Leaving aside the question of the legitimacy of Israel within the pre-1967 borders, the consensus of the vast majority of world governments is that the West Bank and Gaza Strip are occupied territories and that Israel has certain obligations under international law toward the people of those lands. Placing settlements of Israeli citizens into these territories and the purposeful impoverishment of their indigenous populations are illegal acts under international law.

Also, as a point of sheer logic, Israel’s violent and punitive reactions to what is actually Palestinian resistance to an occupation illegally administered, cannot accurately be called “self-defence.” Put another way, if you break into your neighbour’s house and he resists you, whereupon you shoot him, you cannot claim you did it in self-defence.

Most Zionists will protest that the West Bank and Gaza Strip are not occupied territories but rather are biblically parts of Israel proper or, perhaps, “contested territories”. However, beyond the Zionists’ own ideological circle, no one else believes these are credible arguments and it is highly unlikely they would be taken seriously by the ICC.

ICC actions: potential and problems

The possibility of finally breaking through the facade of Zionist justifications and US obfuscations, and actually branding Israel’s policy makers for the aggressors they are, is very encouraging.
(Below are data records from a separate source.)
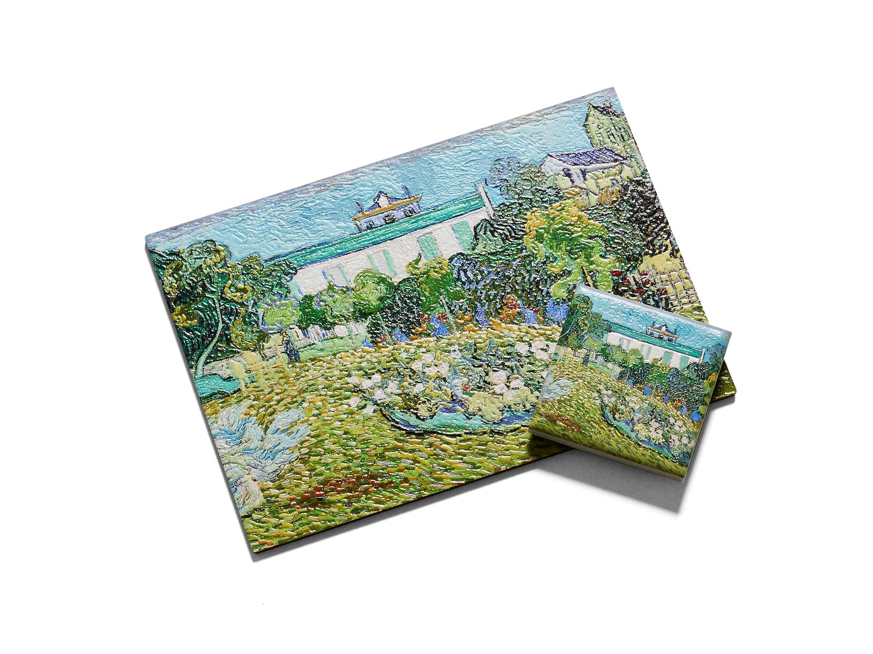 実際の作品では、細かくやや細長いタッチによって、生命力あふれる生い茂った草花が表現されています。グッズ化にあたり、その特徴的な厚みのあるタッチに着目し、草花や地面のうねりの細部にまで高低差のある凹凸加工を施し、ゴッホ特有のダイナミックな筆致や、絵の具の盛り上がりの質感を感じられる仕上がりにしました。静かな庭の情景でありながら、内に秘めたエネルギーを感じる作品の世界を、眺めるだけでなく、触れることでより深く味わえるポストカードとマグネットです。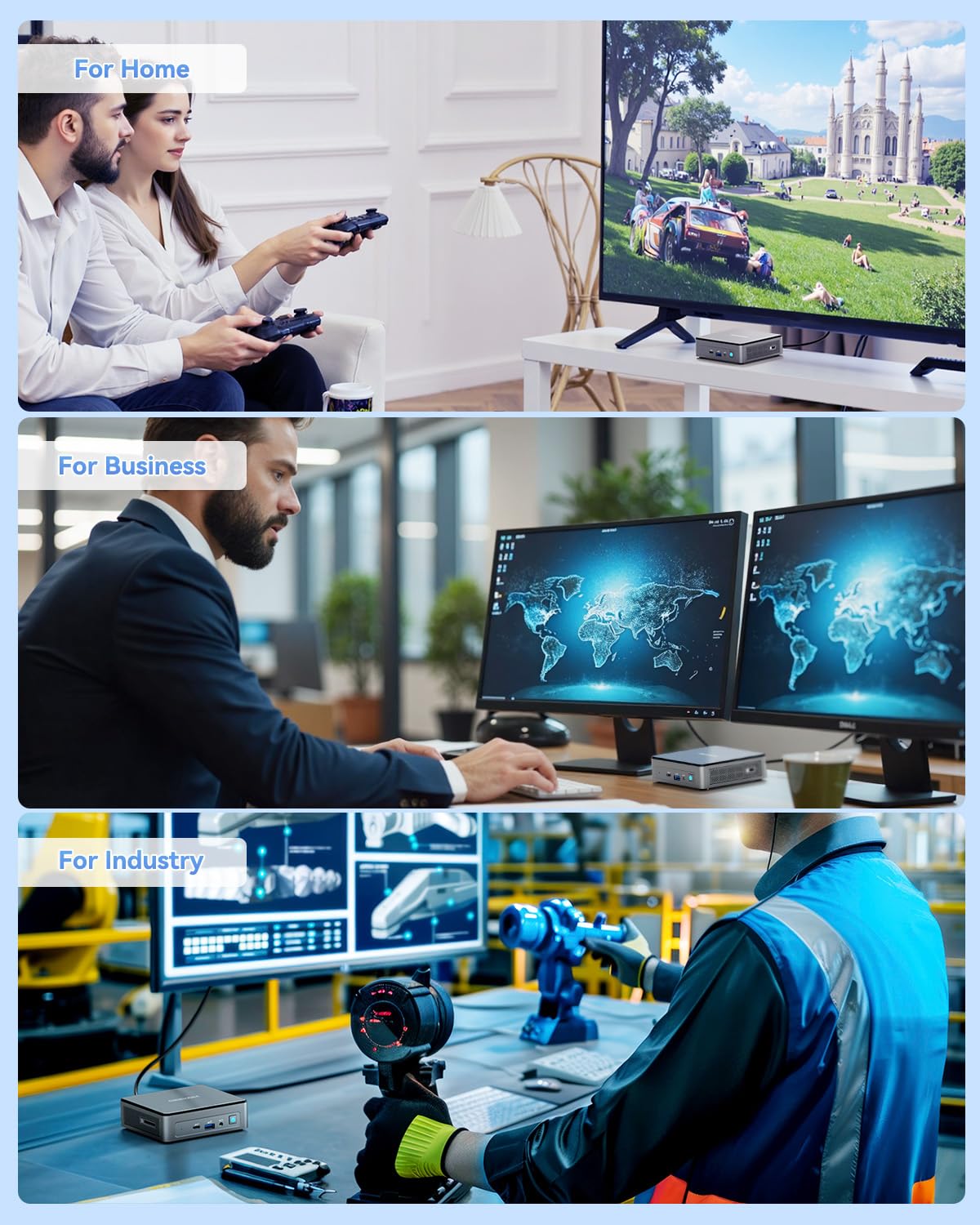 Der GEEKOM Air12 ist ideal für alltägliche Aufgaben im Büro, Home-Office und für die Schule. Er bewältigt problemlos Webbrowsing, Office-Anwendungen und Videokonferenzen. Dank seiner Fähigkeit, bis zu drei 4K/8K-Displays anzusteuern, ist er auch eine hervorragende und leise Wahl als Heimkino- und Streaming-Center.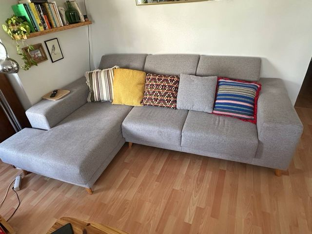 Sofá chaise longue 3 plazas - Gris estilo nórdico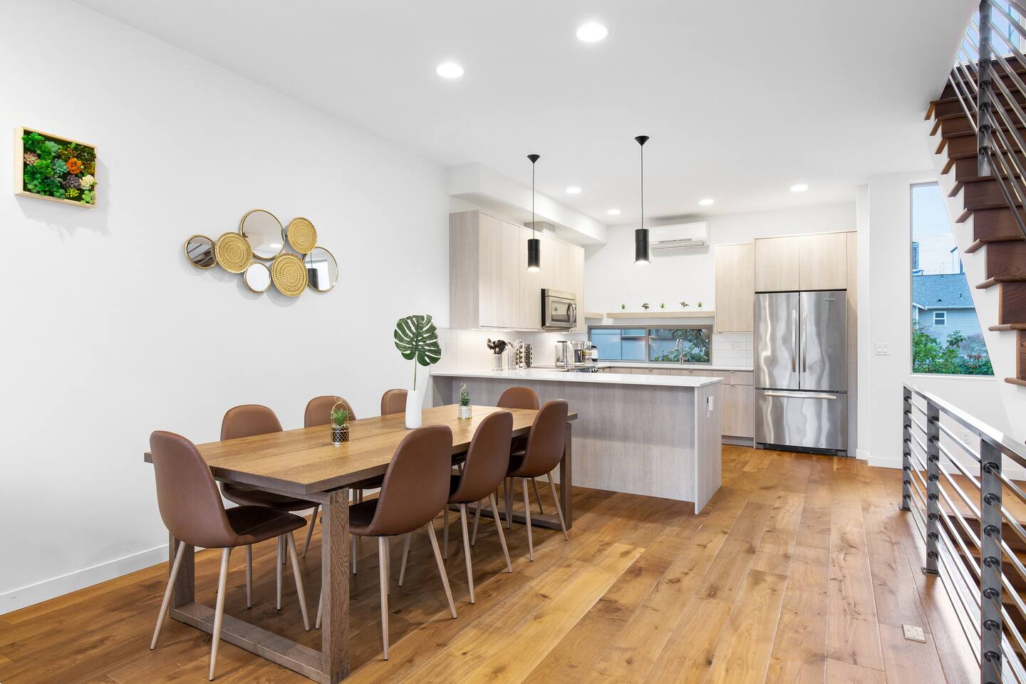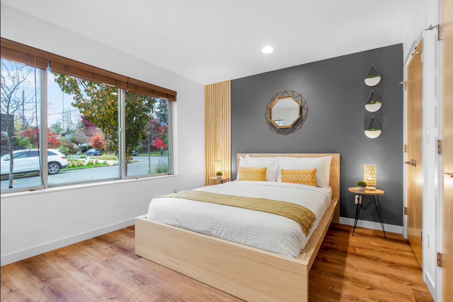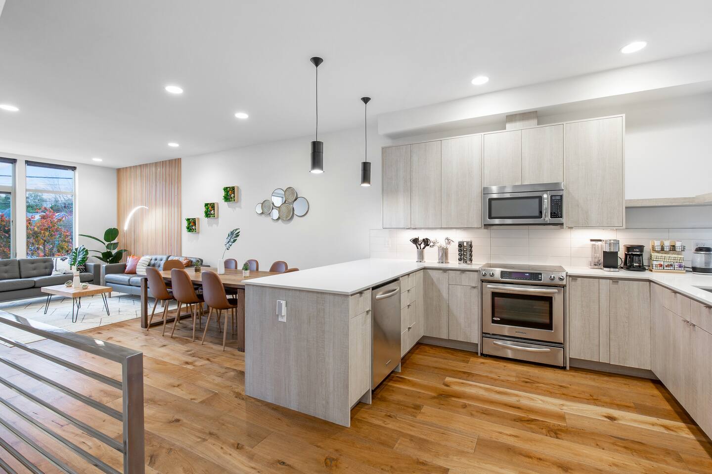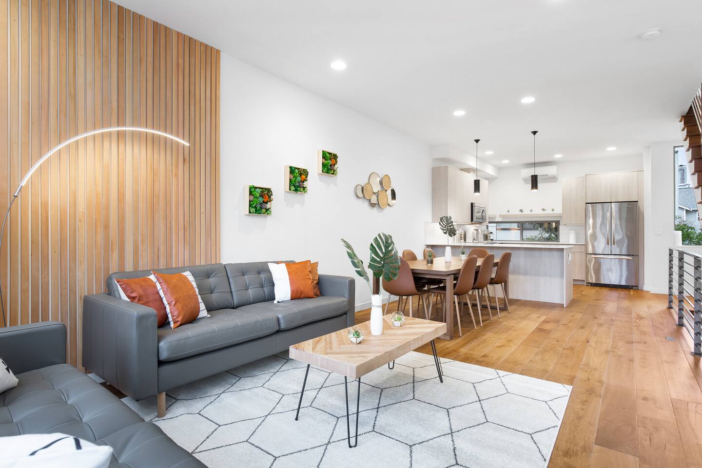 Find yourself nestled minutes drive away from downtown Ballard, close to the beautiful green lake area, and a quick Uber ride away from the Space Needle and Pikeplace. This home is the perfect spot to relax with friends and family after a day of exploring or WFH. Free parking available. Welcome home! Home Layout: [First Floor]: No AC as cooled by downdraft - Bedroom #1: One queen bed - Bedroom #2: One queen bed - One bathroom with bath tub [Second Floor]: Ductless mini split AC - Living room with two sofas - Kitchen with dining table [Third Floor]: Portable AC - Bedroom #3: Two queen beds with attached bathroom - Small patio outside of Bedroom #3 [Others] - 1 parking spot in the back - Deck on the 4th floor with outdoor furniture Home Highlights: - Stylish interior design and beautiful furniture in a luxury home with high-end finishes. - Hotel grade bedding for a comfortable sleep - Fully-stocked kitchen with Keurig K-cup coffee maker and coffee cups, pans, bowls, plates, glasses and utensils - Smart TV with Hulu & Disney (no Cable) - High-speed WIFI (upto 1 Gbps) for all your working from home needs! - Washer/Dryer This beautiful luxury home offers high-end amenities through and through. Conveniently situated in Ballard with breathtaking views of Mt Rainer visible on clear days. This architectural beauty is the perfect spot from which to explore Seattle's hottest attractions! Downtown Ballard -> 5 min drive Woodland Zoo/Greenlake -> 10 min Uber ride Space Needle/Chihuly Glass museum/Olympic sculpture park -> 18 min Uber ride. Pike Place Market -> 20 min Uber ride. Amazon Spheres -> 20min Uber ride Airport -> 35 min drive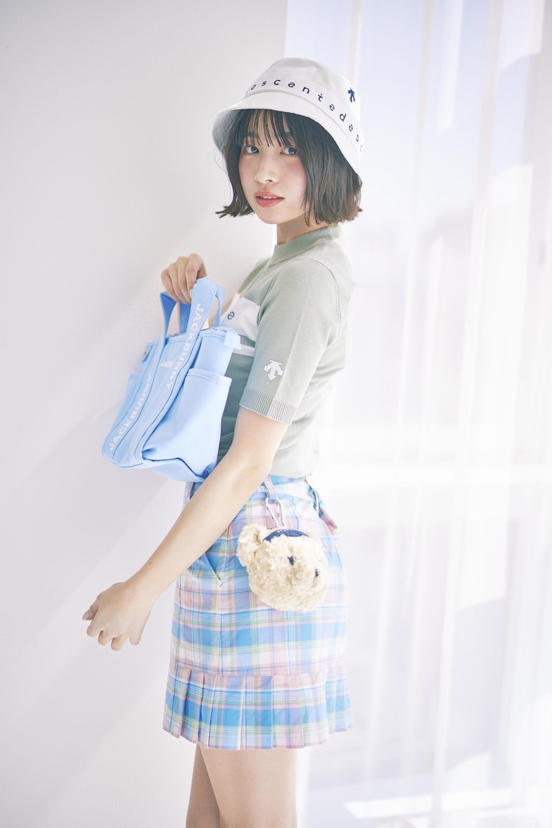 ヒップにクマちゃんモチーフのボールポーチを添えたスウィーティーなチェックミニを、すっきりとコンパクトなカーキニットで大人っぽくクールダウン。胸元に入ったクリーンなホワイトのライン切り替えが都会的なアクセントに。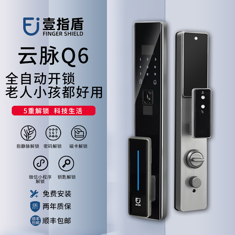 壹指盾指静脉Q6 全自动安防智能家居智能锁 电子密码智能指静脉门锁(诚招代理)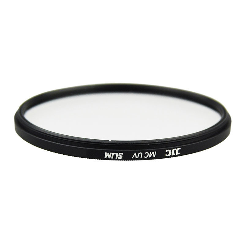 The JJC A+ F MCUV Series Ultra Slim Multi Coated UV Filter is effective to absorb ultraviolet light. The filter is designed with 6 layers of coating on each surface to reduce internal ghosting and reflections. The average light transmission is not less than 99.5%, which provides you with high color fidelity. The filter is constructed from Japanese optical glass and a precision milled aluminum frame. Hardness of the filterâs glass is up to 9HD, which provides additional protection in case of drops or situations where scratching could occur. Moreover, this filter features an incredibly slim design that the glass measures just 0.03" (0.7mm) thick, and the frame measures 0.12â (3mm) thick, helping to minimize the likelihood of vignetting. The filter also helps to reduce dust and moisture from reaching your lens element. The filter is useful as a general protective filter to leave on lenses at all times.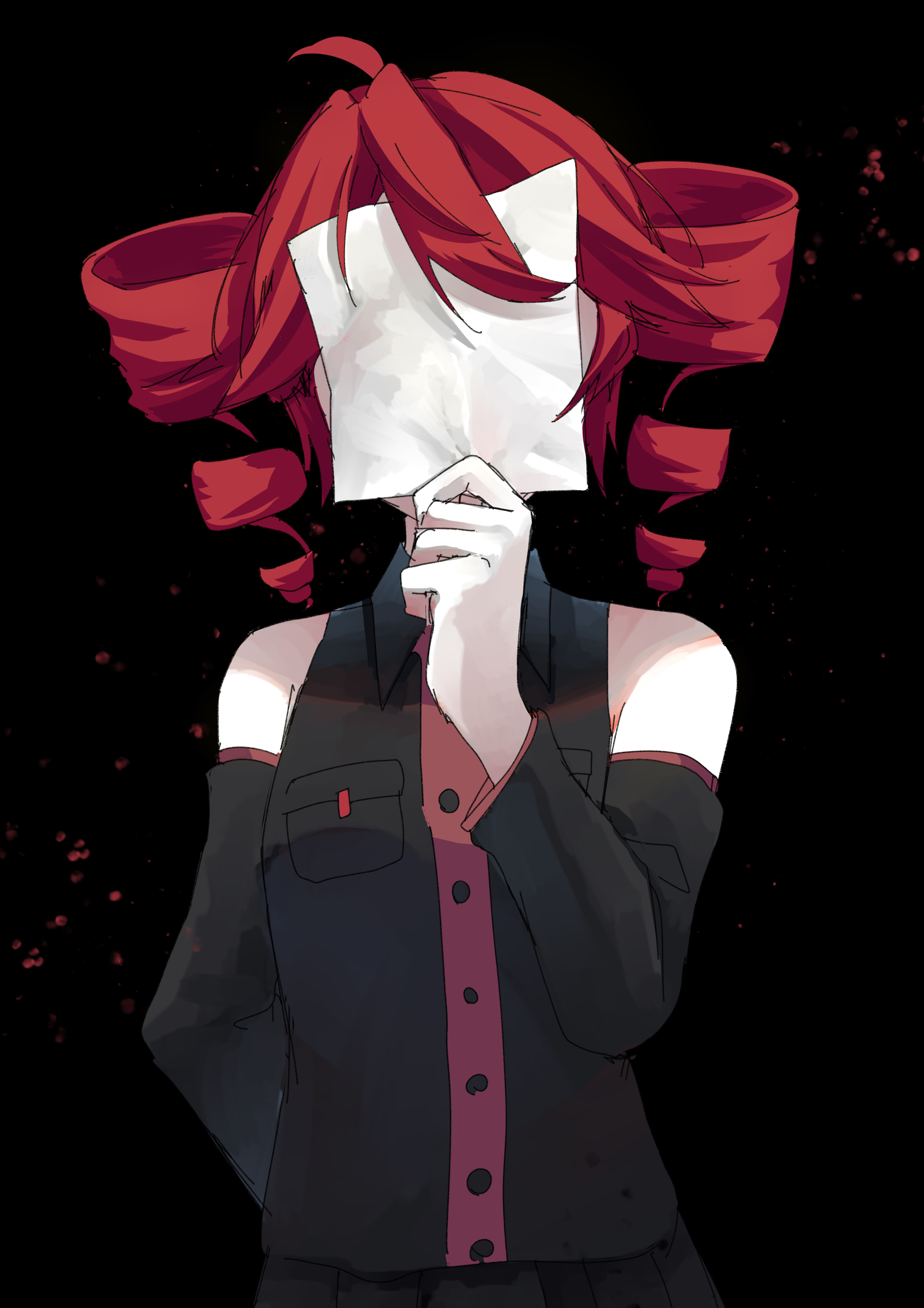 >Я в детстве видел клип жуткий, где ирл кто-то ходил с аниме головой под жуткую песню, возможно вокалоид, но нереально найти... Можешь описать голову?

And, given the evidence, actual indictments should be returned. This outcome would give a big boost to the Boycott, Divestment and Sanctions movement against Israel and, one would hope, undermine Zionist influence in the US Congress and other Western governments.

However, it remains doubtful that any Israeli will be successfully brought to trial. Indeed, the dilemma such indictments will cause Western governments that are member states of the court will be acute. For what happens if an indicted Israeli travels to France, the United Kingdom or Germany? After all, it could well be that Prime Minister Binyamin Netanyahu will be charged. Will these governments honour their treaty obligations and comply with outstanding warrants issued by the ICC? Or will the prevailing Zionist influence in these countries lead them to defy the court and thereby undermine the rule of law? It is by no means guaranteed that any of them will opt for the law.

Palestine’s request that the ICC take up Israeli behaviour during its summer 2014 invasion of Gaza is a seminal cry for justice. It is also a seminal challenge to the court and all its member states to see that international law applies to the strong and influential. As goes the judgment on Israel, so goes international law in our time.